The Charlestown Neigh-borhood Council (CNC) was the setting on Feb. 2 for a big announcement from Councilor Lydia Edwards that she would, indeed, be seeking re-election for the District 1 Council seat.
Her announcement put to rest any rumors or discussion that she might be seeking an at-large seat this time around with two at-large councilors now seeking the office of mayor. Despite those openings, Edwards said she is still having fun in District 1.
“I come to the CNC once a year and it means a lot to talk to the CNC and hear your thoughts and to be held accountable,” she said. “I am going to be seeking my job again and will be submitting my application, otherwise known as running for re-election. I’m running for District 1 City Council and no other job sought. I’m happy being your city councilor.”
This week, Edwards announced her campaign kick-off for District 1 will be on Friday, Feb. 26, at 5:30 p.m. in an online format due to COVID-19 restrictions.
During her visit to the CNC, she highlighted a lot of her accomplishments lately, but one key point was that development needed to set a higher bar for affordable housing in Charlestown.
“On paper, 13 percent is the goal for affordable housing, but I want 20 percent to be the standard,” she said.
She also said she wants to see Charlestown set up its own Stabilization Fund for affordable housing, such as was done with the money garnered from the upcoming development of the Suffolk Downs horse track, which has $5 million in the bank, she said.

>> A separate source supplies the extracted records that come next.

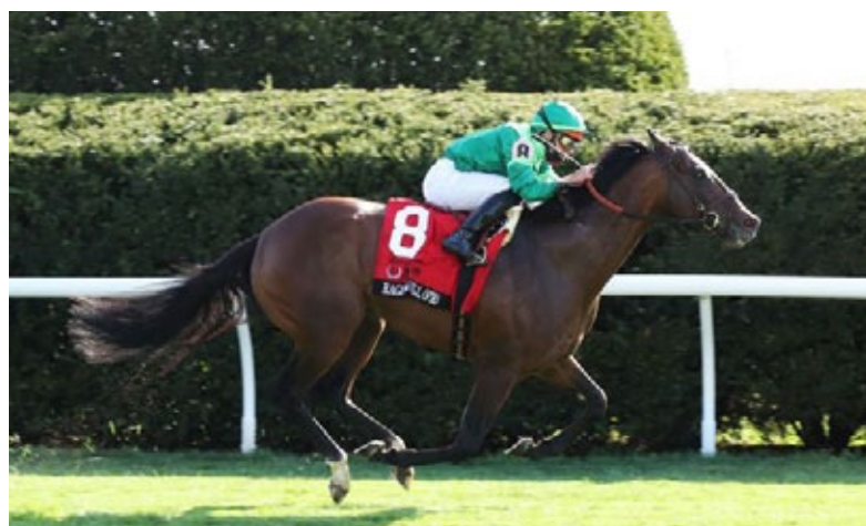
Raging Bull ist souverän.
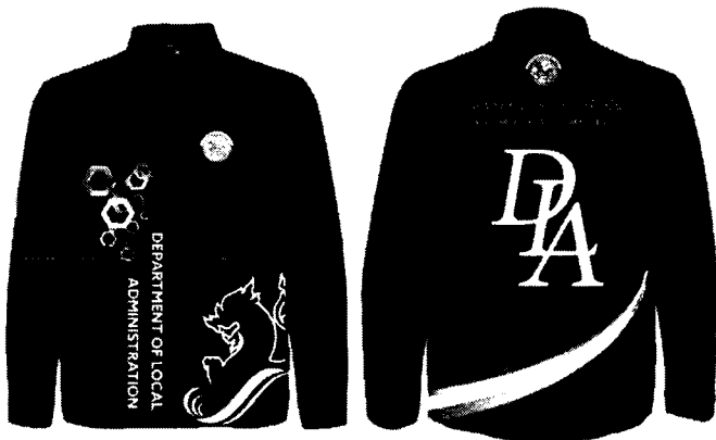
ขอสงวนสิทธิ์ รูปแบบ สวดลาย โทนสี ยี่ห้อ
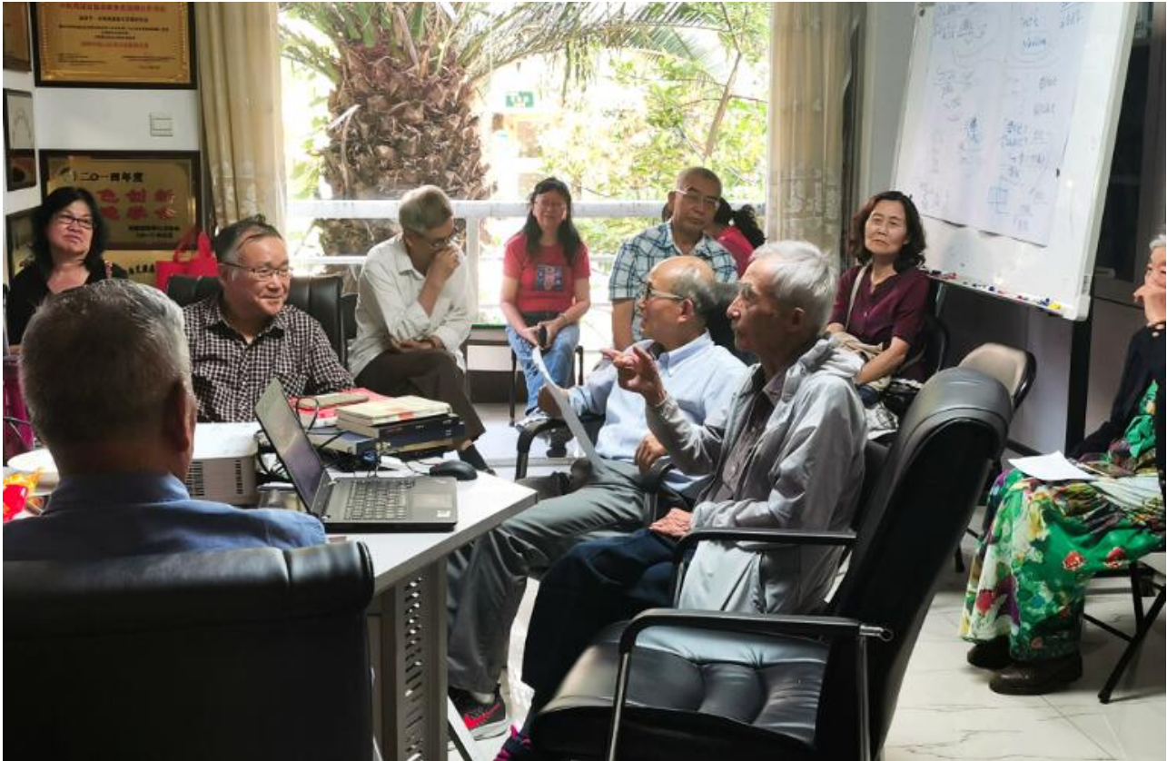
伍法同老师简要介绍了两个“维度”的养老

时光匆匆，下午五点，YHDRA举办的“做好老年规划，安享老年生活”线下交流会圆满结束。专家老师们意犹未尽，一边离场一边在最后的的时间里继续交流。YHDRA也期待与专家老师们再次见面！

“When I think about any project coming into Charlestown, I think we need to set up our own Stabilization Fund so we can have our own affordable housing,” she said. “You’re getting a lot of little units now. If you live in one of them, don’t get married, don’t have a pet and you’re definitely not going to be having kids there.”
She said when any new mayor takes office, her number one issue with the new leader will be to address the school situation in Charlestown.
“From day one when I was knocking on doors the most common question was whether their kids would have place in a local pre-school or elementary school,” she told them.
The second most important item will be housing she said.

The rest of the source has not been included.